Directions for this task: Would you please return the lines of the entries below starting at the line that has "바야돌리드의 한 공원에서 풍선을 파는 사람" and ending at the line that has "- ◆美品 BALMAIN×GIUSEPPE", both included, exactly as they are?

Data supplied:
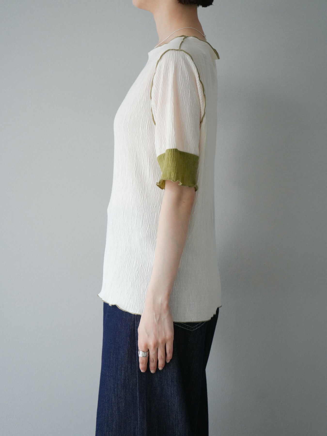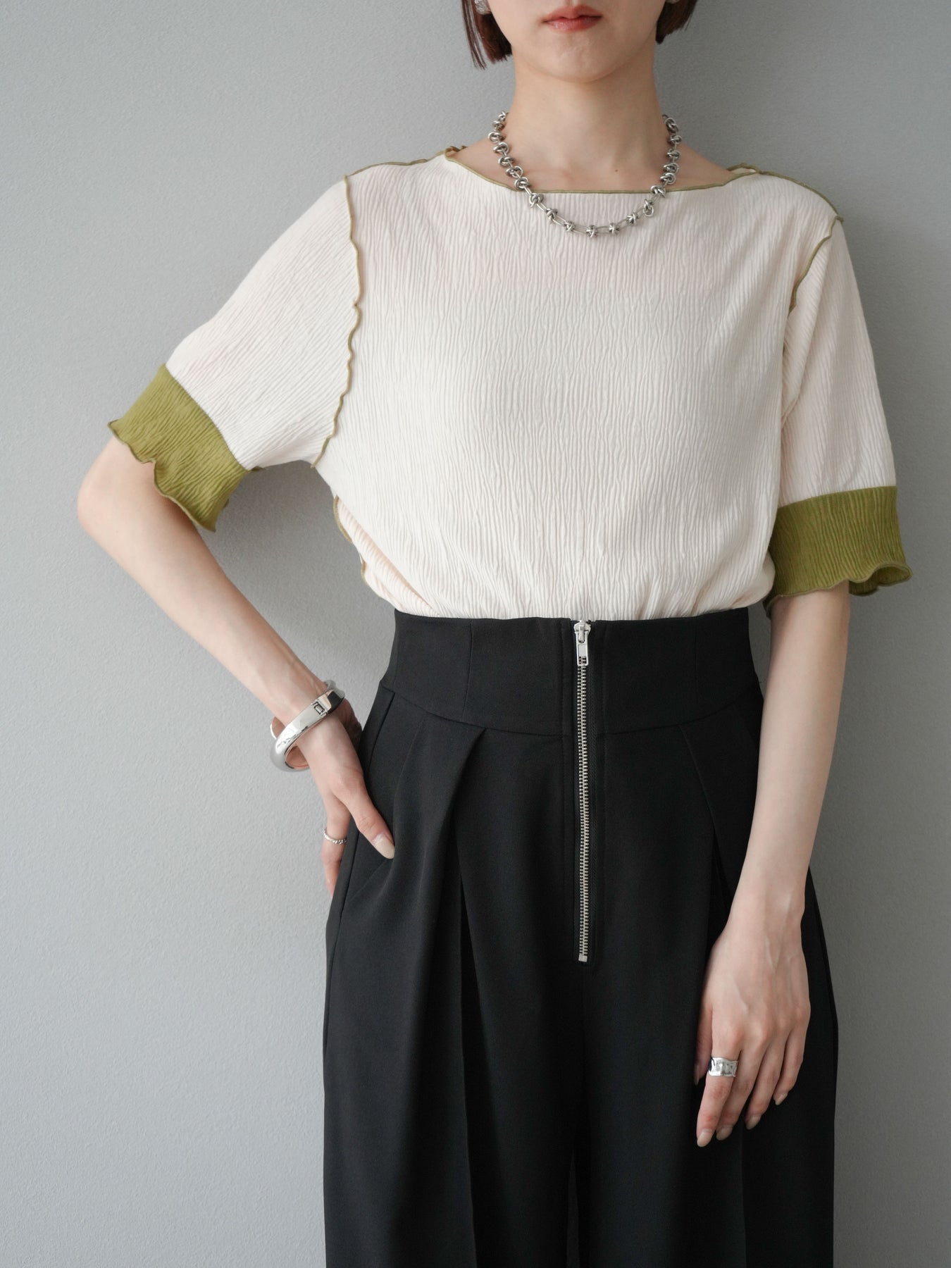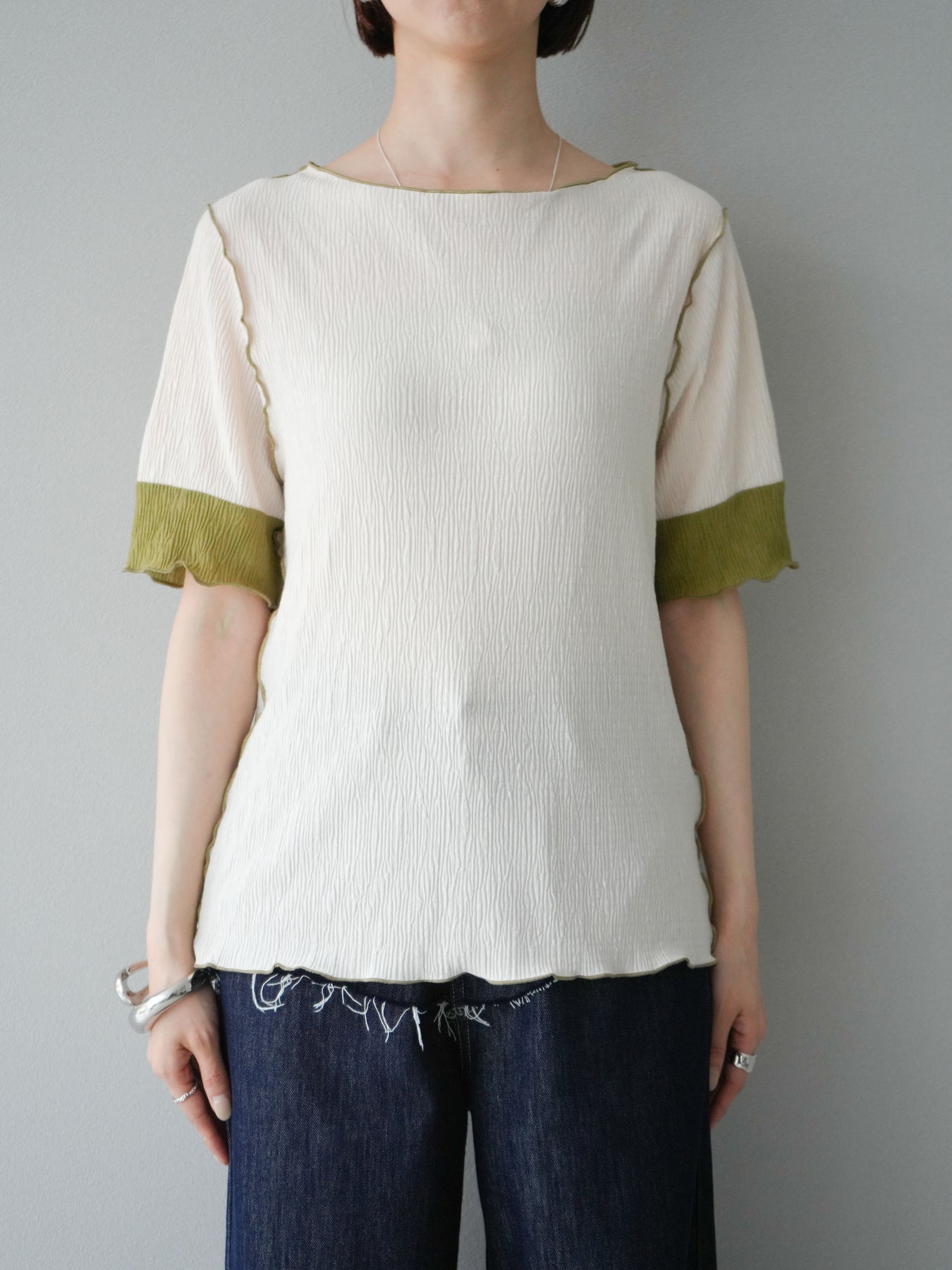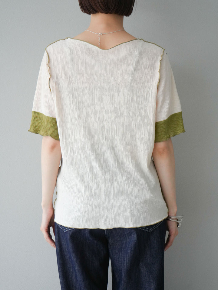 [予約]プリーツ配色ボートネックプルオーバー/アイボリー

==

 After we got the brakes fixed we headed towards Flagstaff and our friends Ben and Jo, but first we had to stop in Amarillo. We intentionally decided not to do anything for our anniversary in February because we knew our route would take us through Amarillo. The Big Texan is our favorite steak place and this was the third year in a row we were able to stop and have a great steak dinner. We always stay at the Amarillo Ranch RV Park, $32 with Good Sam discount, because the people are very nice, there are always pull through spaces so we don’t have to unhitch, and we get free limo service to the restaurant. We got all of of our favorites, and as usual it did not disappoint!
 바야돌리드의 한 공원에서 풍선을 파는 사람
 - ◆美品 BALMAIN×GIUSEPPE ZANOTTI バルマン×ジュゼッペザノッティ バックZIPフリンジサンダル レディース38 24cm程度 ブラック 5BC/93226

* * *

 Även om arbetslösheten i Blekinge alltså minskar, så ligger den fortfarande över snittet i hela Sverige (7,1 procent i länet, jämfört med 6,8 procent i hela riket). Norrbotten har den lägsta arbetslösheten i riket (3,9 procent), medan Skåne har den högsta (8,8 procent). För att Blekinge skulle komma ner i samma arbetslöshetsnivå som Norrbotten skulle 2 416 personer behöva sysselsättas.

Reply to the task:
 바야돌리드의 한 공원에서 풍선을 파는 사람
 - ◆美品 BALMAIN×GIUSEPPE ZANOTTI バルマン×ジュゼッペザノッティ バックZIPフリンジサンダル レディース38 24cm程度 ブラック 5BC/93226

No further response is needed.